After a resounding defeat in the November 3 election, opponents of plans to expand Broadway Plaza with a new 92,000-square-foot department store have droppped their lawsuit against the city.
The Contra Costa Times Elisabeth Nardi reports that plaintiffs Ed Dimmick, Ann Hinshaw, and Selma King asked a Contra Costa County Superior Court judge to dismiss their lawsuit, which claimed that the environmental impact report for the proposed Neiman Marcus failed to properly analyze the traffic and parking effects of the project.
Although 71 percent of Walnut Creek voters said "yes" to Measure I, allowing the new department store project to go forward, I wondered, and perhaps some others did, too, whether these election results really signaled the end of this long, ugly, costly civic battle.

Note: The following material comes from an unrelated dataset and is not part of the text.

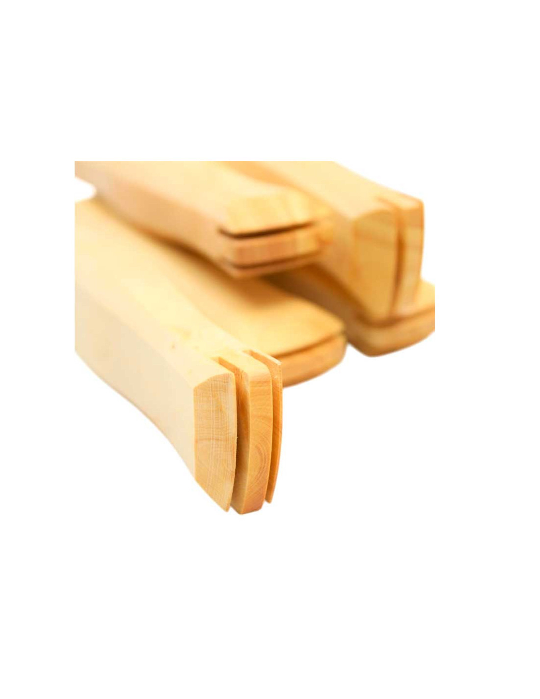 El boj europeo es una de las maderas más densas y resistentes a la abrasión. Tallada directamente en pequeñas ramas seleccionadas, cada pieza es única y puede mostrar:

Dimmick, Hinshaw, and King had proven themselves to be pretty feisty opponents to this project, and they had the deep-pocket financial backing of Taubman Centers, the owners of Sunvalley shopping mall. Surely, I thought, there would be another legal challenge to the project in their--and our--future.
Well, the Times says this request to dismiss the lawsuit means that "the last remaining stand" against Neiman Marcus has "disappeared." King acknowledged that "there isn't anything else we can do." She also patted herself and her co-plaintiffs on the back: "We fought a good fight as best as we could."
But ... the plaintiffs asked that the suit be dismissed "without prejudice"--which doesn't stop the plaintiffs from filing again in the future, if, as King said, "anything comes up at all that's going in the opposite direction (of what was approved)."